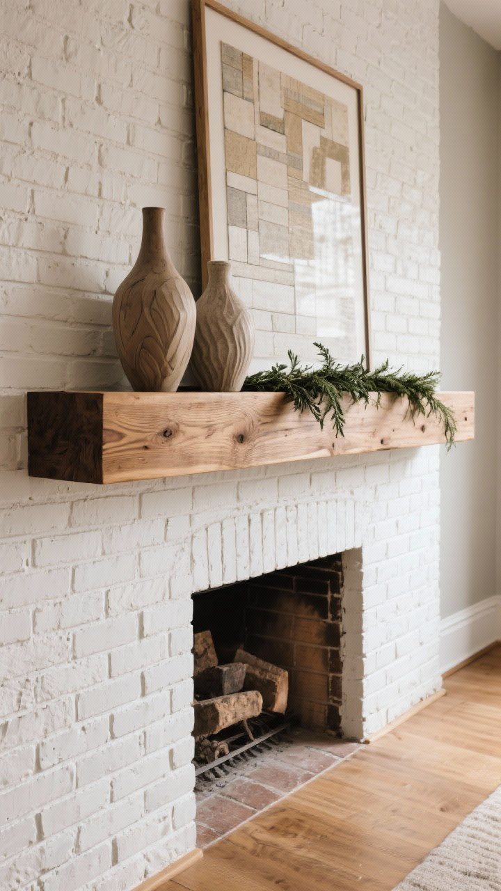 Sometimes all you need is a hero mantel. A chunky beam—real wood or a clever faux wrap—can ground the whole room. Pair it with a fresh coat of paint, and your old brick suddenly looks intentional.
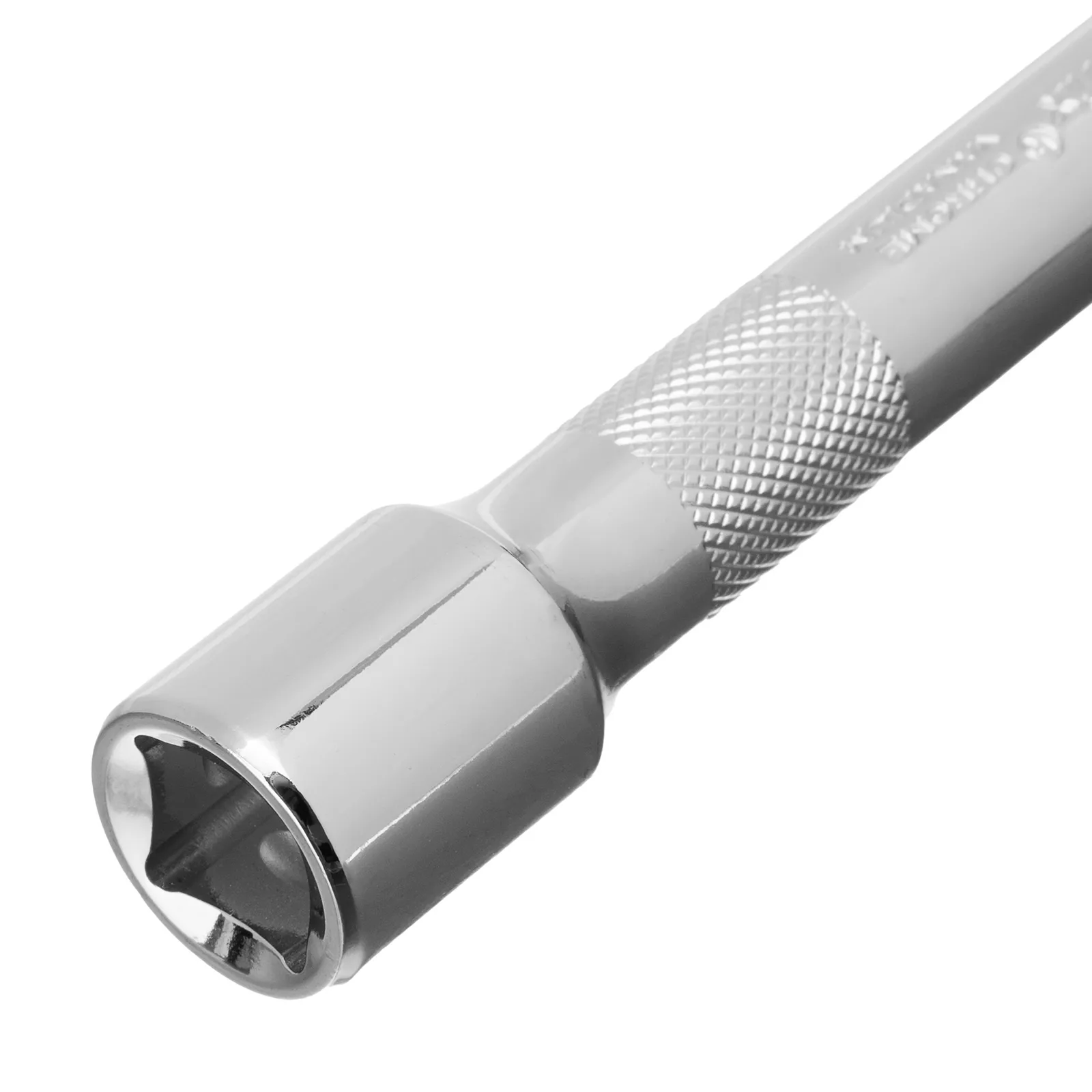 Удлинитель Matrix 13972 с присоединительным квадратом 1/2", длиной 125 мм, из стали CrV, с покрытием «полированный хром», облегчает монтаж и демонтаж резьбового крепежа в узких и углубленных местах. Позволяет присоединить карданный шарнир, торцевую головку и другие насадки с посадочным размером 1/2". Удлинитель будет полезен в слесарной и авторемонтной мастерской.
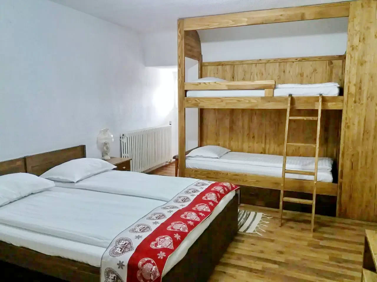 - két szoba az emeleten, mindegyikben franciaágy és 1 emeletes ágy (2 egyszemélyes ágy).
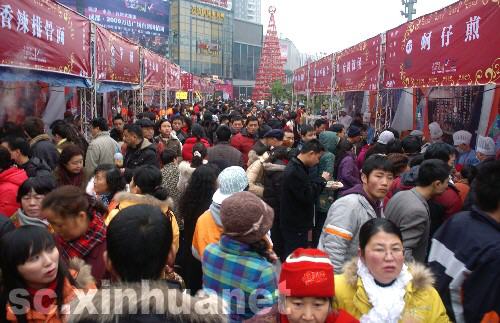 1月1日,2009成都臺灣風情周在成都萬達廣場拉開帷幕,130個小吃攤位、30多種臺灣小吃現做現賣,還有臺灣民間藝人的風情表演,現場游人絡繹不絕。
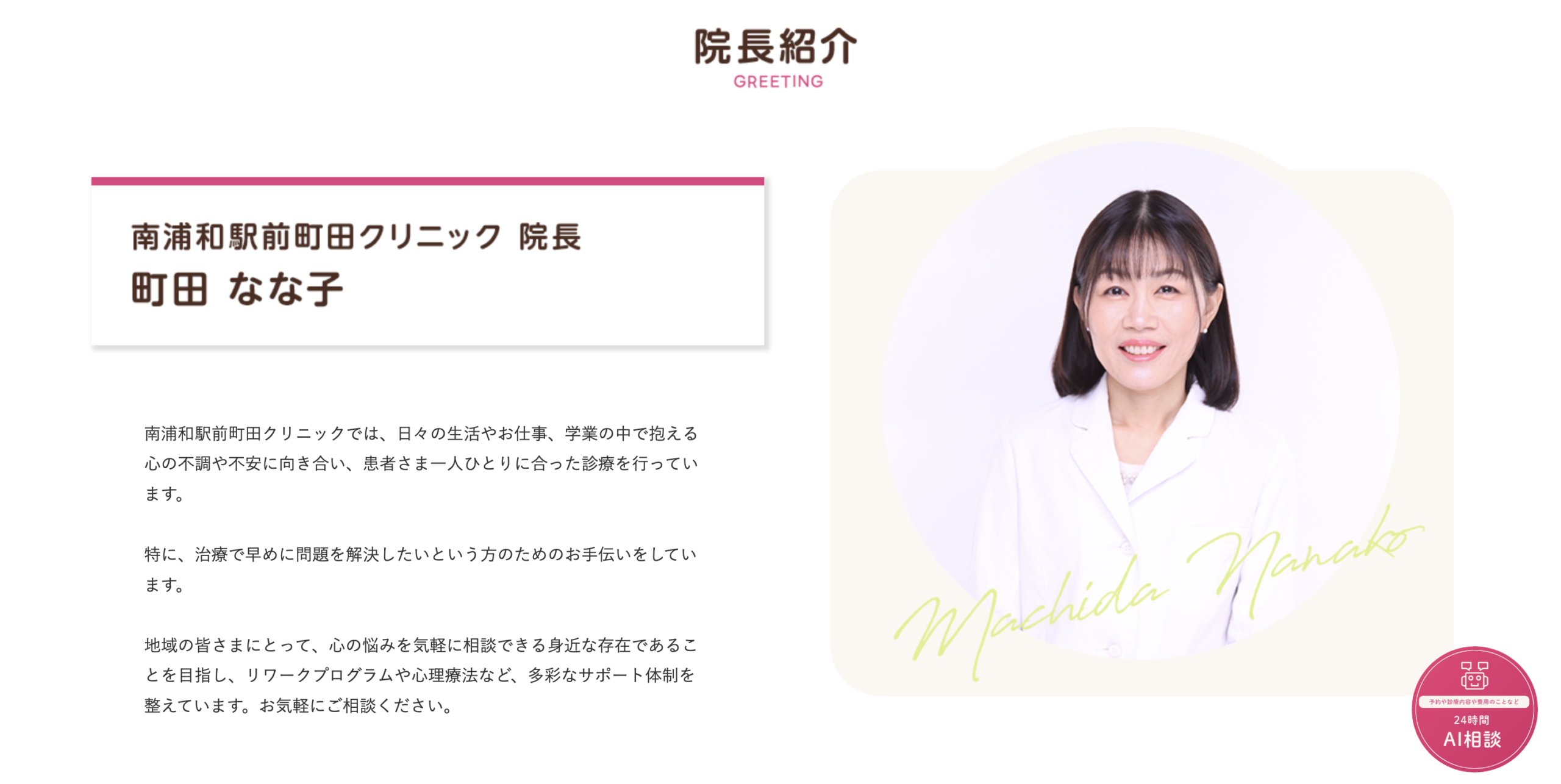町田なな子先生(町田クリニック): 南浦和駅の「東口」と「西口」の両サイドで展開し、駅利用者や地域住民を逃さない体制を築いています。
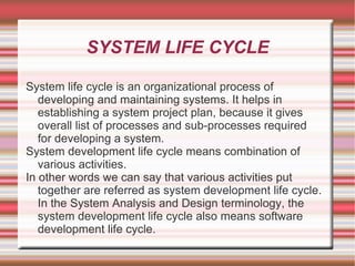 The document discusses the system development life cycle (SDLC), which includes various phases for developing and maintaining systems. The key phases are: system investigation, feasibility study, system analysis, system design, coding, testing, implementation, and maintenance. The feasibility study phase evaluates the technical, operational, economic, motivational, and schedule feasibility of a proposed system. The system analysis phase involves studying user requirements and the current system. System design then specifies how the new system will meet requirements through elements like data design, user interface design, and process design. This produces specifications for the system.
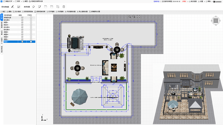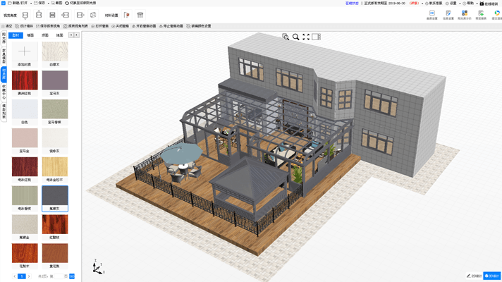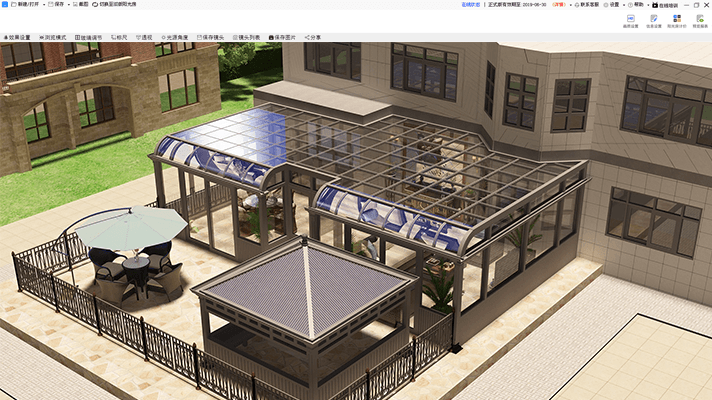 編輯更改陽光房立柱樣式,可更改陽光房型材色卡,房頂樣式,玻璃樣式,地板樣式,墻體樣式等
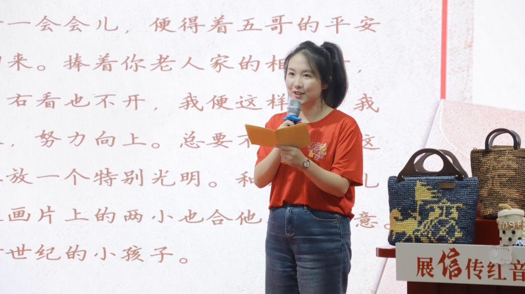 革命烈士的奉献精神令人感动落泪,红衣马甲的公益故事同样让人动容。课堂上,“爱心妈妈”朱小红用一个个信物、一张张照片、一段段视频分享了她走上公益道路,通过“编织”手艺,扎根乡村助脱贫,扶危济困献爱心,余热生辉显红心的温暖故事,号召青年学子赓续奉献精神,厚植家国情怀。
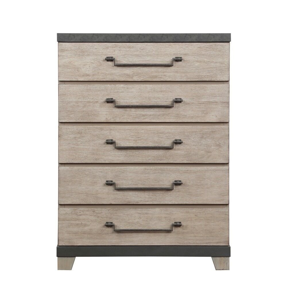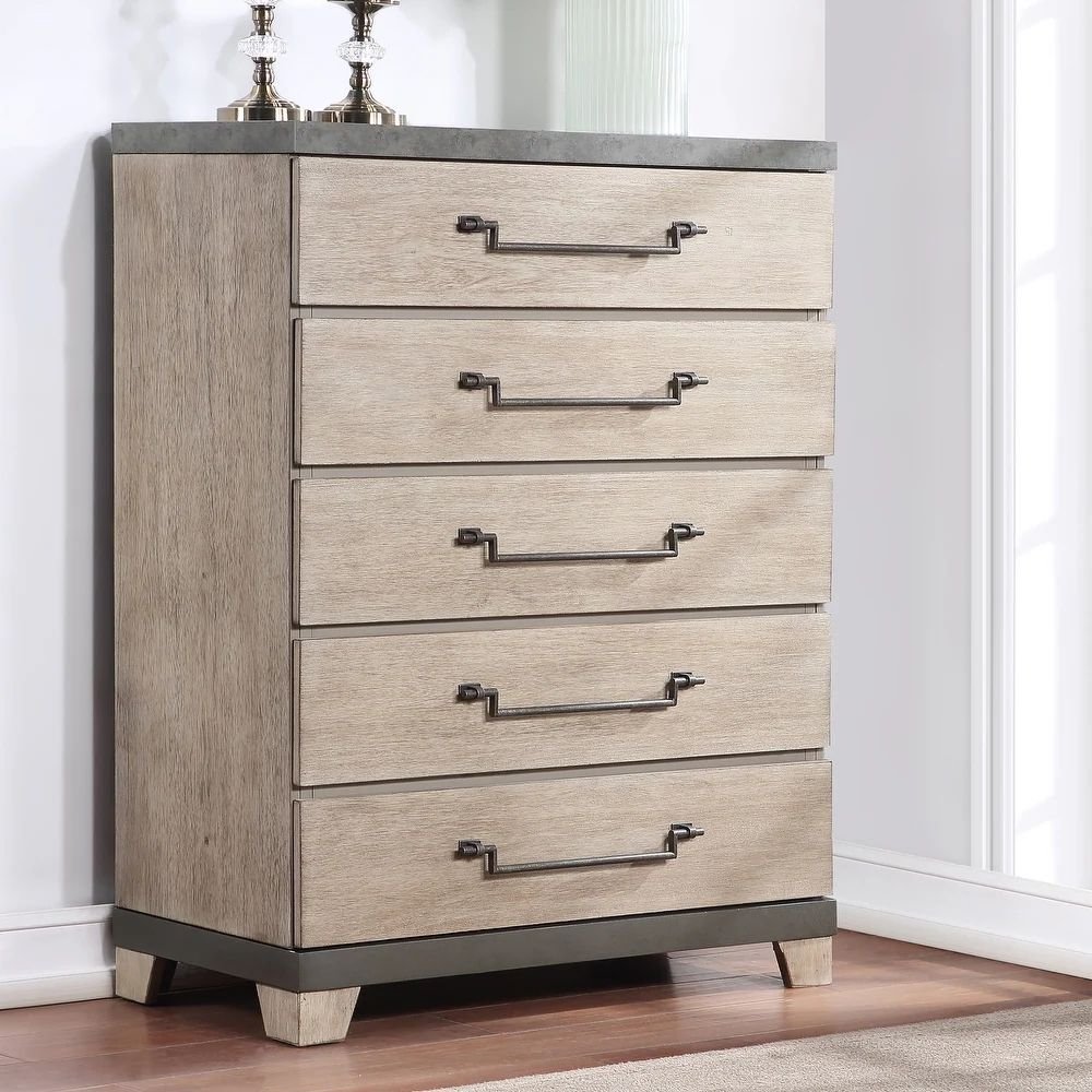 Home Bedroom Chest of drawers Modern Chest – Solid Wood 5-Drawer Weathered Oak Finish

────────────────

● EXERCISE DIRECTIONS
The answer should be the complete listing, set down exactly, without pictures.

● RESPONSE BELOW
 Sometimes all you need is a hero mantel. A chunky beam—real wood or a clever faux wrap—can ground the whole room. Pair it with a fresh coat of paint, and your old brick suddenly looks intentional.
 Удлинитель Matrix 13972 с присоединительным квадратом 1/2", длиной 125 мм, из стали CrV, с покрытием «полированный хром», облегчает монтаж и демонтаж резьбового крепежа в узких и углубленных местах. Позволяет присоединить карданный шарнир, торцевую головку и другие насадки с посадочным размером 1/2". Удлинитель будет полезен в слесарной и авторемонтной мастерской.
 - két szoba az emeleten, mindegyikben franciaágy és 1 emeletes ágy (2 egyszemélyes ágy).
 1月1日,2009成都臺灣風情周在成都萬達廣場拉開帷幕,130個小吃攤位、30多種臺灣小吃現做現賣,還有臺灣民間藝人的風情表演,現場游人絡繹不絕。
町田なな子先生(町田クリニック): 南浦和駅の「東口」と「西口」の両サイドで展開し、駅利用者や地域住民を逃さない体制を築いています。
 The document discusses the system development life cycle (SDLC), which includes various phases for developing and maintaining systems. The key phases are: system investigation, feasibility study, system analysis, system design, coding, testing, implementation, and maintenance. The feasibility study phase evaluates the technical, operational, economic, motivational, and schedule feasibility of a proposed system. The system analysis phase involves studying user requirements and the current system. System design then specifies how the new system will meet requirements through elements like data design, user interface design, and process design. This produces specifications for the system.
 編輯更改陽光房立柱樣式,可更改陽光房型材色卡,房頂樣式,玻璃樣式,地板樣式,墻體樣式等
 革命烈士的奉献精神令人感动落泪,红衣马甲的公益故事同样让人动容。课堂上,“爱心妈妈”朱小红用一个个信物、一张张照片、一段段视频分享了她走上公益道路,通过“编织”手艺,扎根乡村助脱贫,扶危济困献爱心,余热生辉显红心的温暖故事,号召青年学子赓续奉献精神,厚植家国情怀。
 Home Bedroom Chest of drawers Modern Chest – Solid Wood 5-Drawer Weathered Oak Finish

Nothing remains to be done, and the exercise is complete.